My impressions, as a couple-days-old owner of GFFX 5200:
Strangely, so far I haven’t felt a slightest difference in performance between X/H/R precision modes (except when switching between fp16 and fp32 pbuffer RTT, but that is memory bandwidth cost, I suppose).
Some examples:
“TEX H0, f[TEX0], TEX0, CUBE;”
“DP3X H0, H0, {0.2, 0, 0.9797, 0};”
“POW o[COLH], H0.x, 120;”
“TEX H0, f[TEX0], TEX0, CUBE;”
“DP3H H0, H0, {0.2, 0, 0.9797, 0};”
“POW o[COLH], H0.x, 120;”
“TEX R0, f[TEX0], TEX0, CUBE;”
“DP3R R0, R0, {0.2, 0, 0.9797, 0};”
“POW o[COLR], R0.x, 120;”
These 3 programs above run all at the same speed, however the result quality is vastly different in each case (the TEX0 is a HILO16 cubemap).
Another one:
“TEX H0, f[TEX0], TEX0, CUBE;”
“TEX H1, f[TEX1], TEX1, 2D;”
“DP3X_SAT o[COLH], H0, H1;”
This program uses fixed precision data only, but runs twice slower than equivalent NV_RC program.

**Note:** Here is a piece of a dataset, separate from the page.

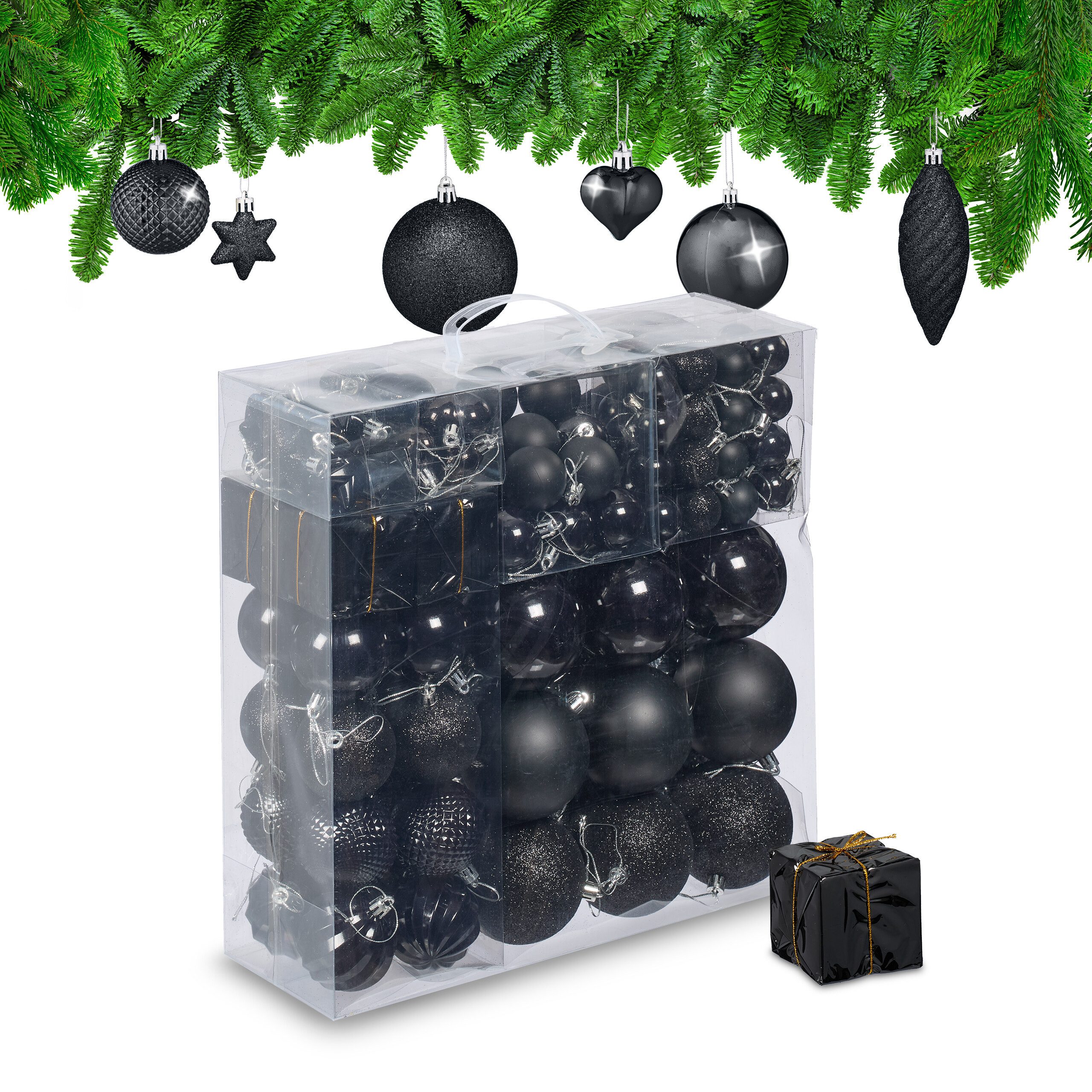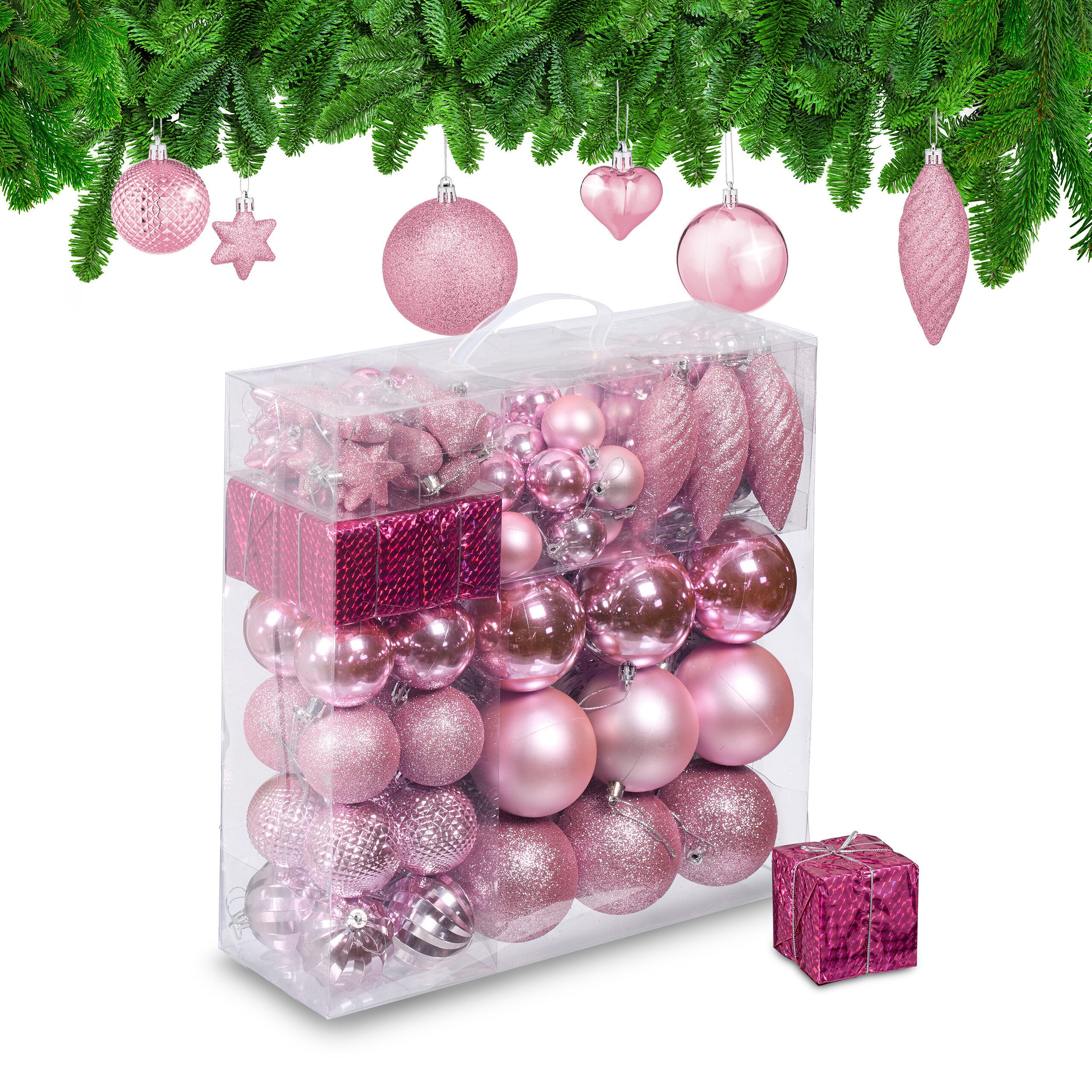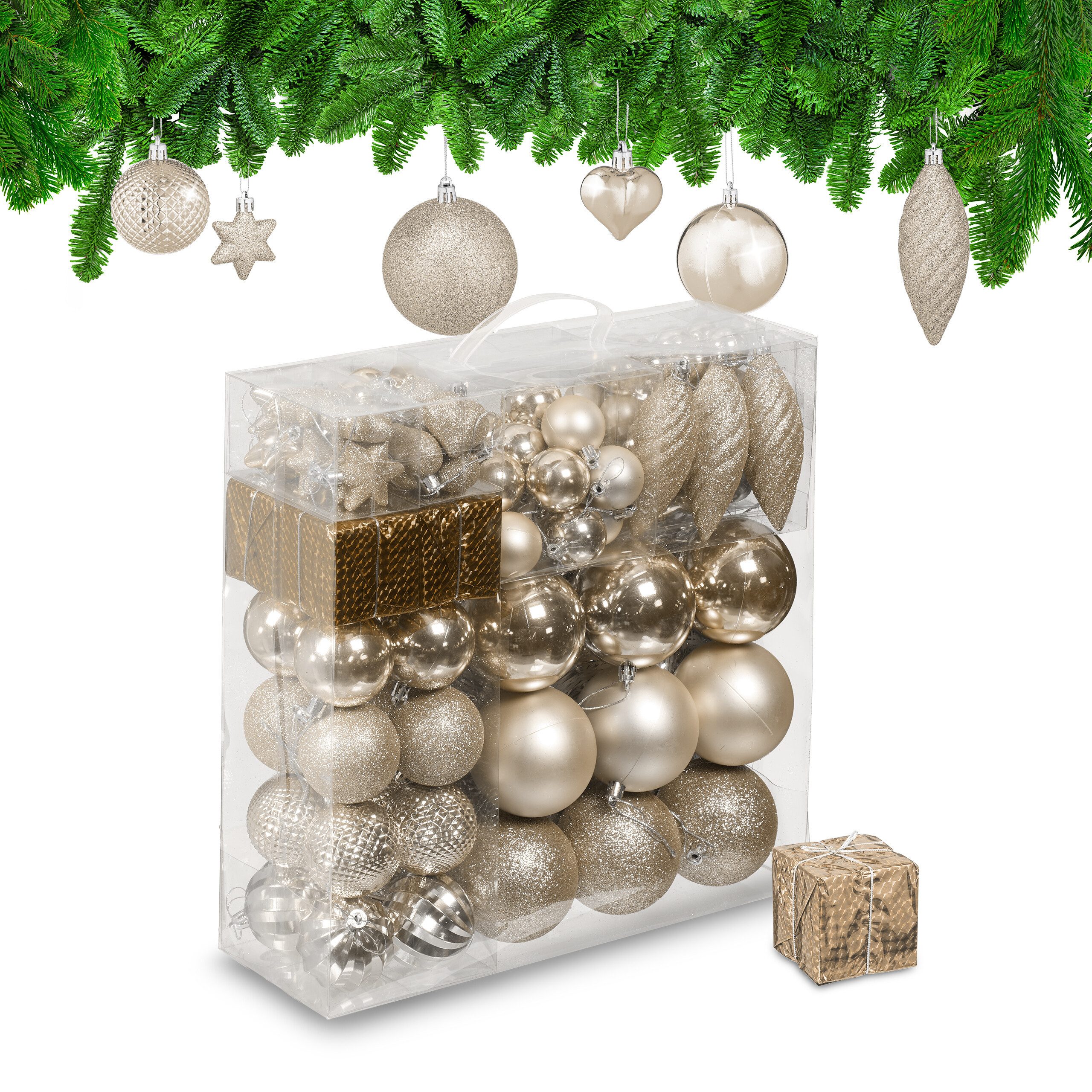Lieferumfang - 9x große Weihnachtsbaumkugel - 16x mittlere Weihnachtsbaumkugel - 18x kleine Weihnachtsbaumkugel - 32x Mini-Weihnachtsbaumkugel - 10x Herzen - 10x Sterne - 8x Lametta - 4x Geschenk - 3x Zapfen - 1x Aufbewahrungsbox - Dekoartikel sind nicht im Lieferumfang enthalten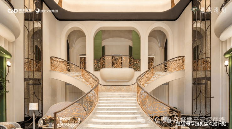 穿过大门就进入了挑高约10米的中庭,这里也是会所的接待大堂,借鉴了厦门千万级豪宅宸启瑞湖的海派美学基因。花瓣式艺术吊灯、南洋釉彩地砖、Art Deco珐琅彩玻璃、双向旋转楼梯......每一处细节,都是对卓越品位的精准表达。

I’ve tried longer programs too, but I’ve never been able to get achieve better performance by using the fixed precision. Simply, only instruction count and their complexity (like POW, RFL, etc., accessing interpolants) mattered.
Has anyone ever noticed speed benefit from using “fixed” on 5200 ? or 5600 ?
Maybe the “fixed” thing is really a 5800 specific feature?